Das Gutachten hat den erwünschten Erfolg. Der Patient wird von den k. u. k. Militärs als Briefzensor eingesetzt und später ganz vom Kriegsdienst befreit. Auch wenn Lukacs im Rückblick den Eindruck erweckt, als sei das Attest eine reine Gefälligkeit gewesen, spricht einiges dafür, daß es nicht ganz aus der Luft gegriffen ist. Lukacs lebt in der fraglichen Zeit mit seiner Frau Jelena Grabenko, einer russischen Terroristin, und ihrem Geliebten, dem Pianisten Bruno Steinbach, der bei Jaspers wegen Schizophrenie in Behandlung ist. Die damit verbundenen Belastungen lösen sich erst, als Lukacs gegen Kriegsende seine zweite Frau kennenlernt und sich bedingungslos in den Dienst der kommunistischen Bewegung stellt. Während der ungarischen Räterepublik macht der Philosoph dann doch noch eine kurze militärische Karriere: als politischer Kommissar der Roten Armee.

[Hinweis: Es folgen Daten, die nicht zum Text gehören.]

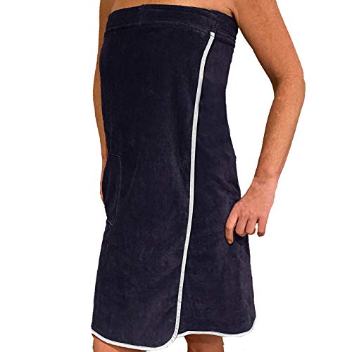 HOMELEVEL Kilt Sauna Donna Uomo - Asciugamano Sauna con Chiusura Apertura a Strappo e Tasca - Asciugamano Bagno Turco SPA - Telo Cotone Blu Scuro

Unbeirrt von Gefühlen der Dankbarkeit, beschreibt Lukacs 1954 in seinem Buch „Die Zerstörung der Vernunft” die Philosophie von Jaspers als „eitle philisterhafte Selbstgefälligkeit”, ihr Inhalt sei nichts als „Eiszeit, Nordpol, eine leer gewordene Welt, ein sinnloses Chaos”. Als Ausdruck der „Verzweiflung über sich selbst, über seine rettungslose Einsamkeit” werde Jaspers’ „parasitärer Subjektivismus” zum „Wegbereiter des faschistischen Irrationalismus”. Auf diese öffentliche Denunziation reagiert Jaspers verständlicherweise mit Empörung — und mit einer neuen, diesmal philosophischen Diagnose seines Gegners. Die komplexe Beziehung der beiden Philosophen, die hier nur angedeutet werden kann, wird Matthias Bormuth demnächst in der „Zeitschrift für Ideengeschichte” anhand von Dokumenten ausführlich rekonstruieren.
ULRICH VON BÜLOW – Der Verfasser leitet die Abteilung Archiv im Deutschen Literaturarchiv Marbach.